[Start of Attachment]

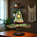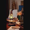 Faux Stained Glass Witch Hat Lamp for Halloween Decoration
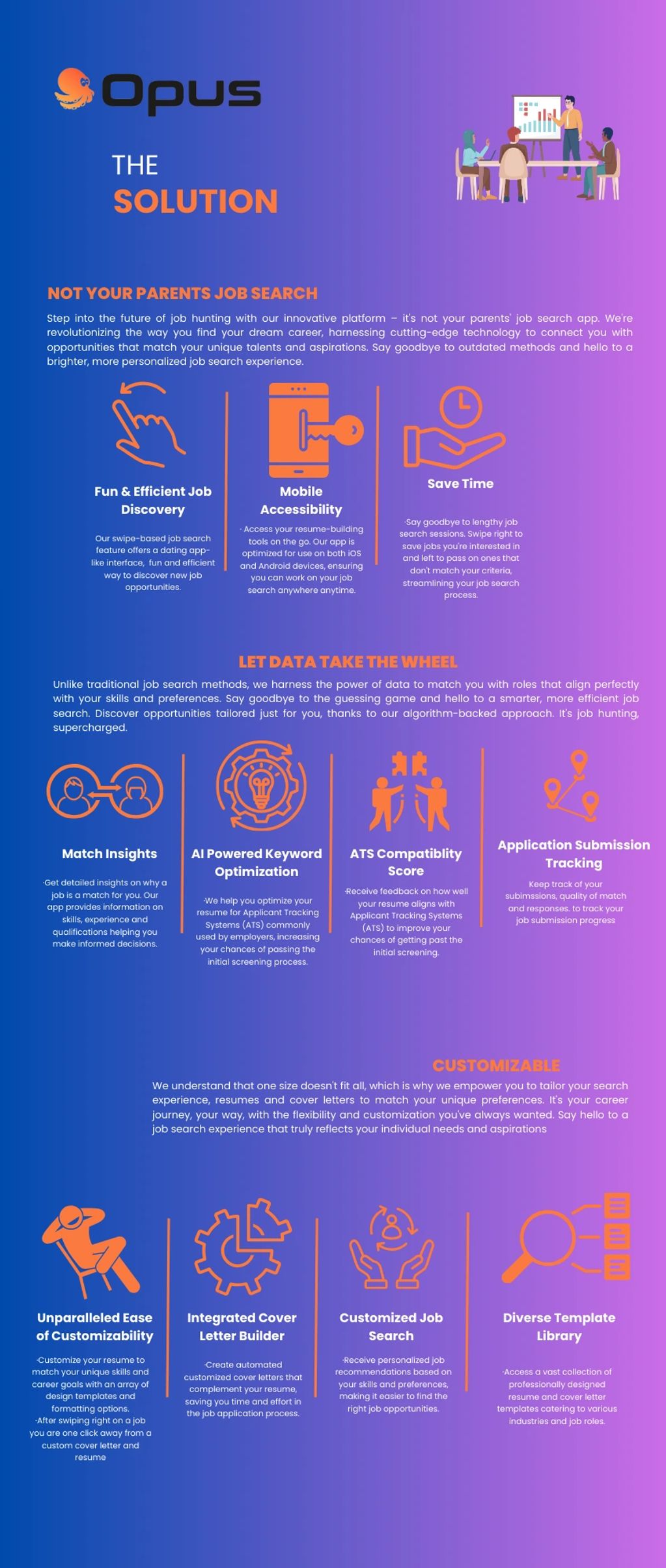 We've taken a fresh and innovative approach to solving and automating the entirety of the job seekers process by creating a user-friendly platform that streamlines resume creation, empowering candidates to showcase their unique skills and experiences. Opus introduces a swipe-based interface that combines ease-of-use with creativity. To empower our users, we harness the power of data-driven insights. Our app continuously analyzes job market trends, employer preferences, and industry-specific requirements, offering you real-time data and recommendations.
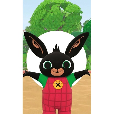 Oficiálně licencovaný dětský ručník černý zajíček Bing. Zajíc Bing na obrázku má roztažené ruce, je radostný na sobě má červenozelený obleček se žlutým knoflíkem. Rozměry 30 x...
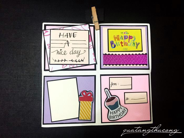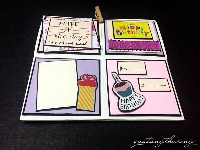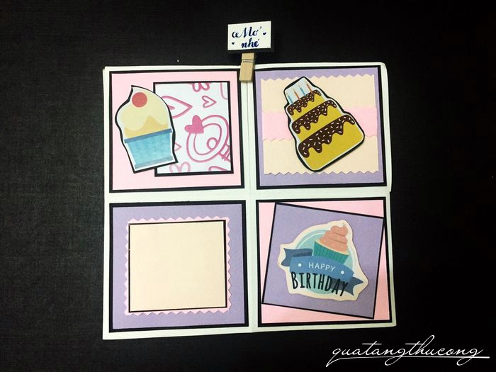 Từ bên ngoài thiệp đã được trang trí đẹp mắt, dễ thương.
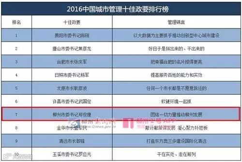 2016中国城市管理十佳政要排行榜
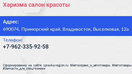 Харизма, салон красоты по адресу 690074, Приморский край, Владивосток, Выселковая, 12а в дальнейшем Организация, размещена в следующих категориях:
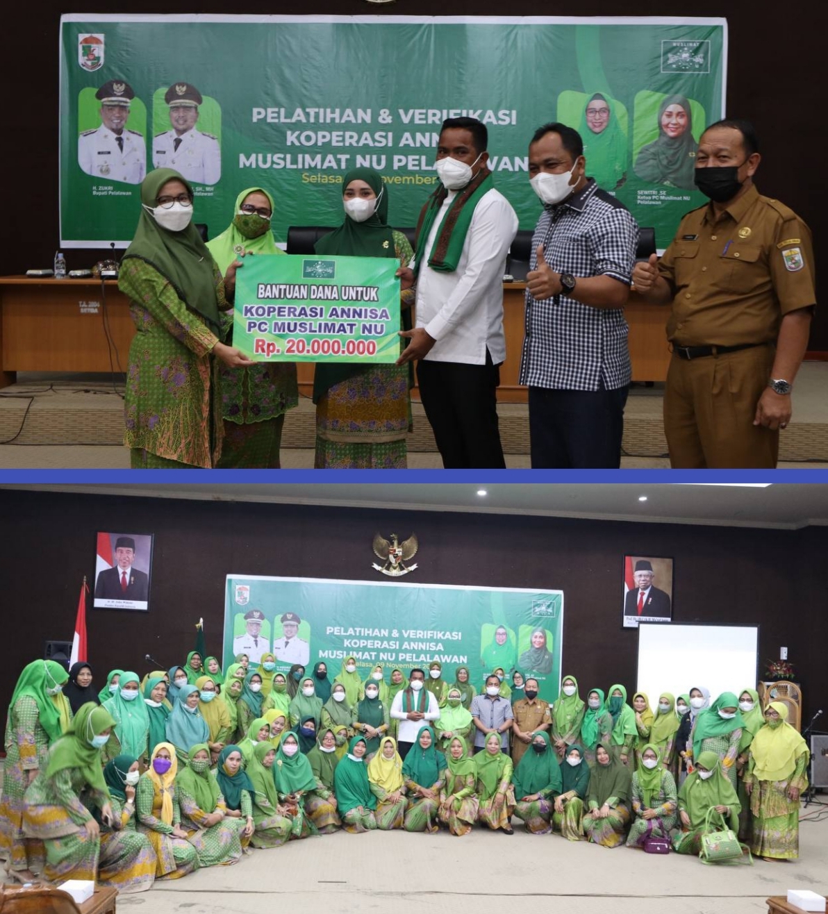 Ketua PC Muslimat NU Pelalawan, Sewitri, SE dalam sambutannya menyampaikan bahwa "Acara pelatihan ini sudah lama tertunda dikarenakan kondisi covid-19 di Kabupaten Pelalawan yang membuat PC Muslimat NU tidak bisa membuat acara yang merangkul hingga 12 kecamatan, dimana sebelumnya Ketua PC Muslimat NU Pelalawan telah mengucurkan dana untuk membentuk koperasi Annisa Muslimat NU Pimpinan Anak Cabang Pangkalan kerinci, Pangkalan Lesung serta Pangkalan Kerinci.
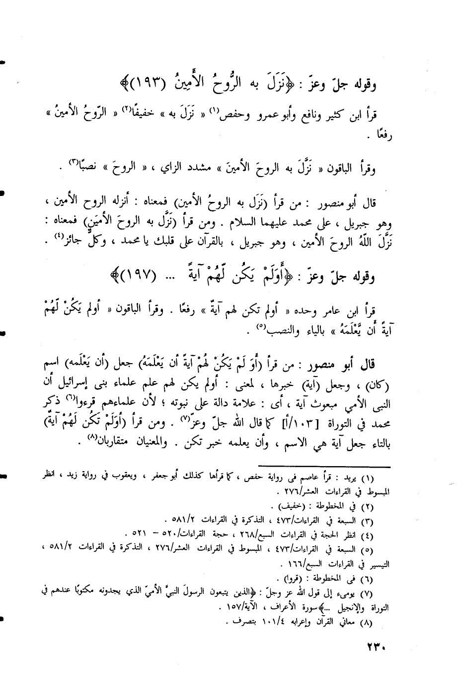 قال أبو منصور: مَنْ قَرَأَ (أَوَلَمْ يَكُنْ لَهُمْ آيَةً أَنْ يَعْلَمَهُ)
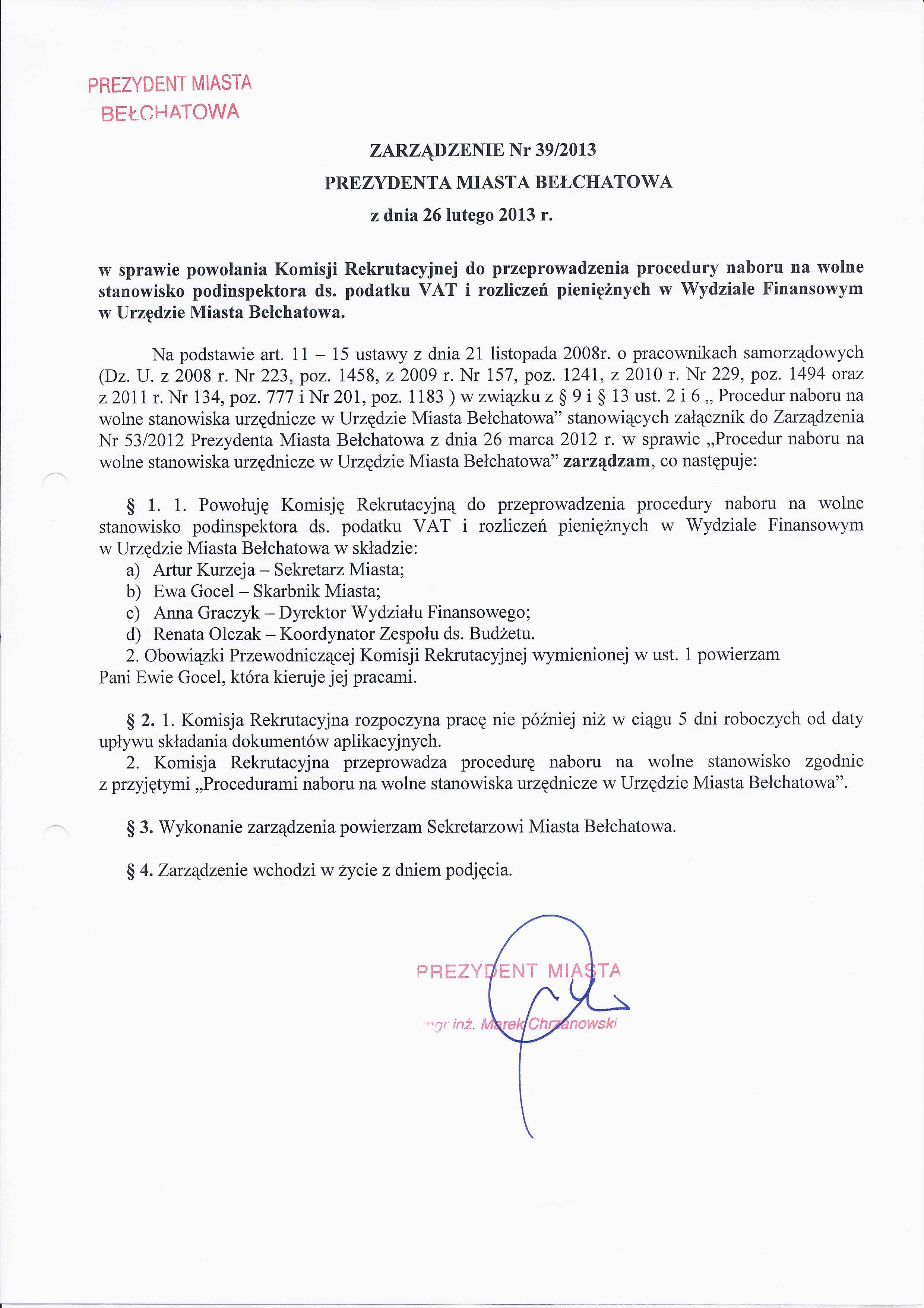 Zarządzenie Nr 39 z dnia 26 lutego 2013 r. w/s powołania Komisji Rekrutacyjnej do przeprowadzenia procedury naboru na wolne stanowisko podinspektora ds. podatku VAT i rozliczeń pieniężnych w Wydziale Finansowym w Urzędzie Miasta Bełchatowa
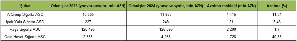 Lakin bəzi sığorta şirkətlərinin ödənişlərində sözügedən dövr ərzində azalma müşahidə olunub.
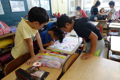 4年3組が、「わくわく祭り」の準備をしていました。「内容はみんなが知っているから撮影しても大丈夫です。」とのことで、撮影許可をもらいました。
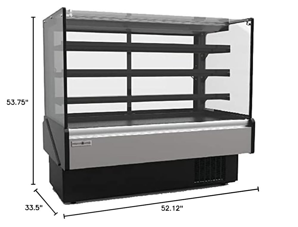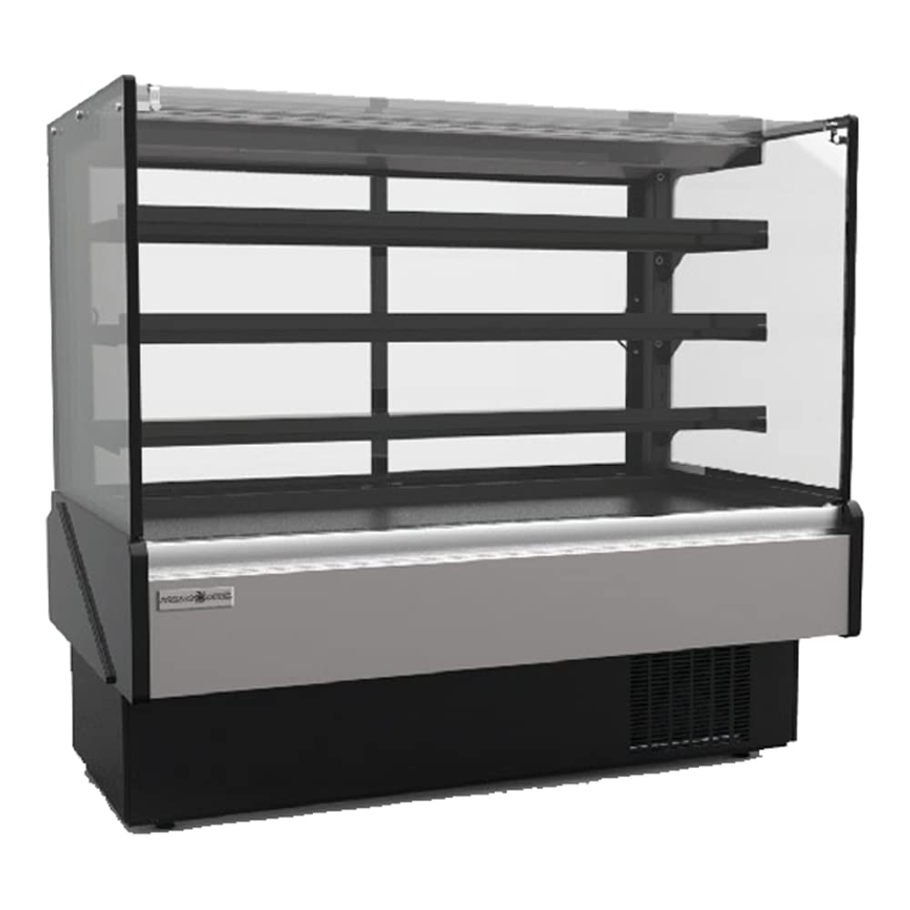Hydra-Kool Bakery Display Case, service, multiplexible, 52-1/8"W x 33-1/2"D x 53-3/4"H, tempered glass sides, rear tempered removable sliding glass doors, PVC gray coated steel interior with (3) adjustable & removable tempered glass shelves, LED interior lighting, 9" top sill, silver front panel, gray kick plate, black ends, adjustable feet, self-contained refrigeration, 1/2 HP, ETL-Sanitation, cETLus
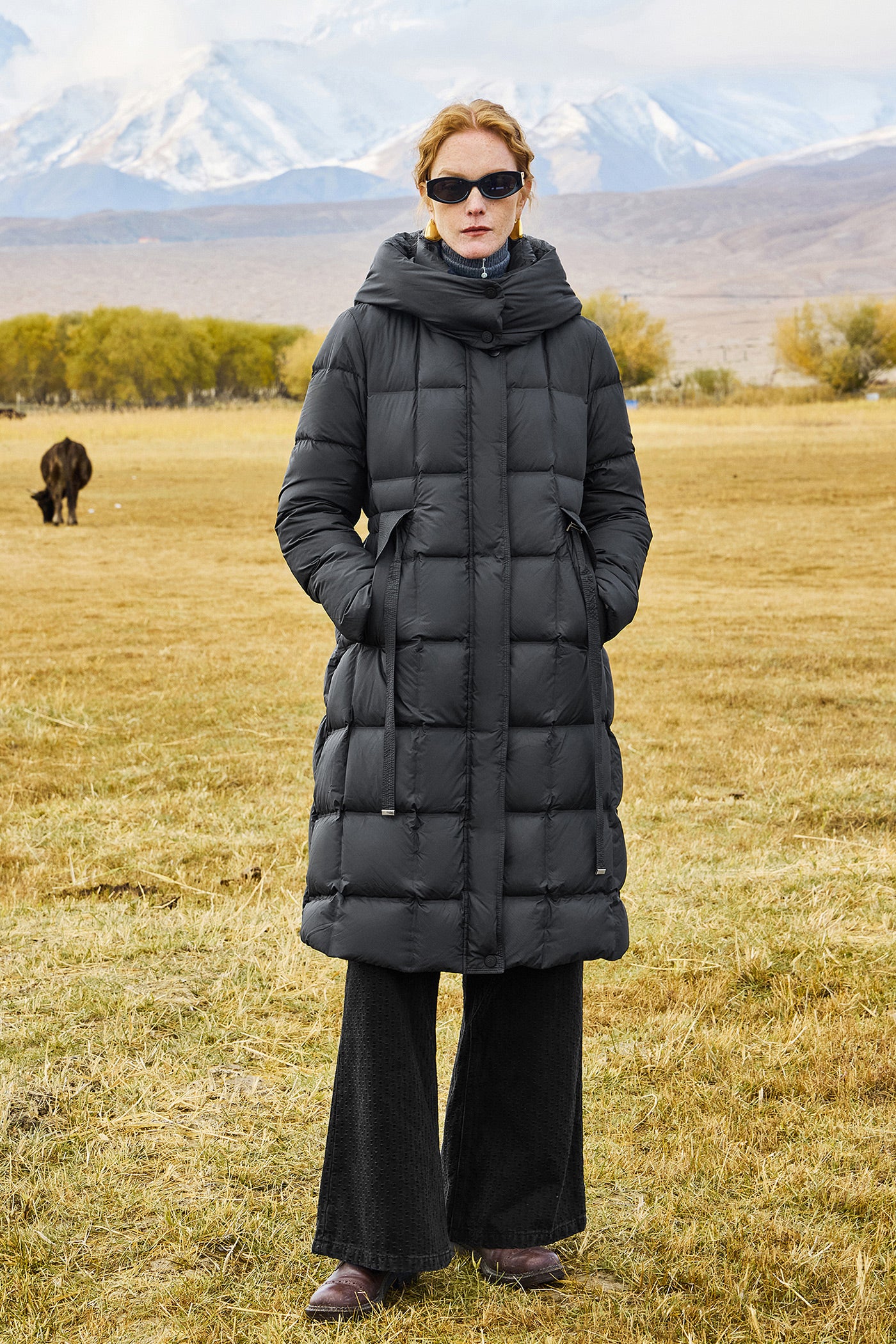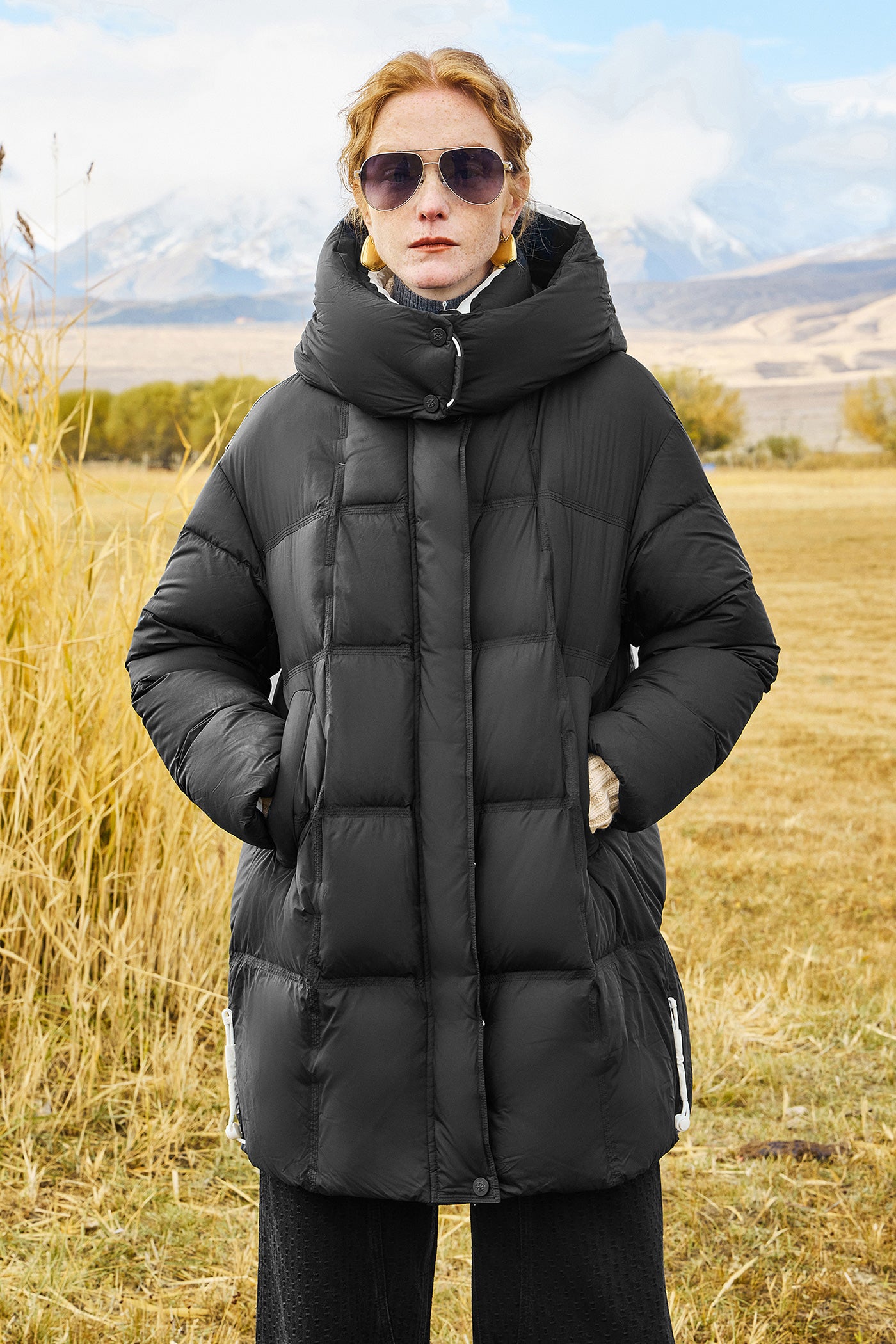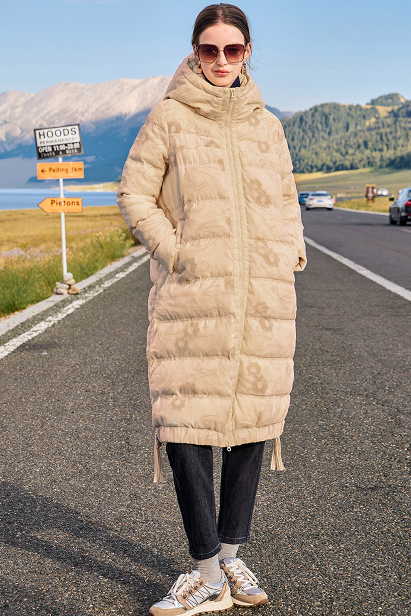 KAMILAN Women's 2025 Winter Over-the-Knee Down Coat Vintage Mid-Length Hooded Puffer Jacket

[End of Attachment]

- [What is required]: Give back every record above word for word; the pictures have no place in it.

- [Answer to the problem]:
 Faux Stained Glass Witch Hat Lamp for Halloween Decoration
 We've taken a fresh and innovative approach to solving and automating the entirety of the job seekers process by creating a user-friendly platform that streamlines resume creation, empowering candidates to showcase their unique skills and experiences. Opus introduces a swipe-based interface that combines ease-of-use with creativity. To empower our users, we harness the power of data-driven insights. Our app continuously analyzes job market trends, employer preferences, and industry-specific requirements, offering you real-time data and recommendations.
 Oficiálně licencovaný dětský ručník černý zajíček Bing. Zajíc Bing na obrázku má roztažené ruce, je radostný na sobě má červenozelený obleček se žlutým knoflíkem. Rozměry 30 x...
 Từ bên ngoài thiệp đã được trang trí đẹp mắt, dễ thương.
 2016中国城市管理十佳政要排行榜
 Харизма, салон красоты по адресу 690074, Приморский край, Владивосток, Выселковая, 12а в дальнейшем Организация, размещена в следующих категориях:
 Ketua PC Muslimat NU Pelalawan, Sewitri, SE dalam sambutannya menyampaikan bahwa "Acara pelatihan ini sudah lama tertunda dikarenakan kondisi covid-19 di Kabupaten Pelalawan yang membuat PC Muslimat NU tidak bisa membuat acara yang merangkul hingga 12 kecamatan, dimana sebelumnya Ketua PC Muslimat NU Pelalawan telah mengucurkan dana untuk membentuk koperasi Annisa Muslimat NU Pimpinan Anak Cabang Pangkalan kerinci, Pangkalan Lesung serta Pangkalan Kerinci.
 قال أبو منصور: مَنْ قَرَأَ (أَوَلَمْ يَكُنْ لَهُمْ آيَةً أَنْ يَعْلَمَهُ)
 Zarządzenie Nr 39 z dnia 26 lutego 2013 r. w/s powołania Komisji Rekrutacyjnej do przeprowadzenia procedury naboru na wolne stanowisko podinspektora ds. podatku VAT i rozliczeń pieniężnych w Wydziale Finansowym w Urzędzie Miasta Bełchatowa
 Lakin bəzi sığorta şirkətlərinin ödənişlərində sözügedən dövr ərzində azalma müşahidə olunub.
 4年3組が、「わくわく祭り」の準備をしていました。「内容はみんなが知っているから撮影しても大丈夫です。」とのことで、撮影許可をもらいました。
Hydra-Kool Bakery Display Case, service, multiplexible, 52-1/8"W x 33-1/2"D x 53-3/4"H, tempered glass sides, rear tempered removable sliding glass doors, PVC gray coated steel interior with (3) adjustable & removable tempered glass shelves, LED interior lighting, 9" top sill, silver front panel, gray kick plate, black ends, adjustable feet, self-contained refrigeration, 1/2 HP, ETL-Sanitation, cETLus
 KAMILAN Women's 2025 Winter Over-the-Knee Down Coat Vintage Mid-Length Hooded Puffer Jacket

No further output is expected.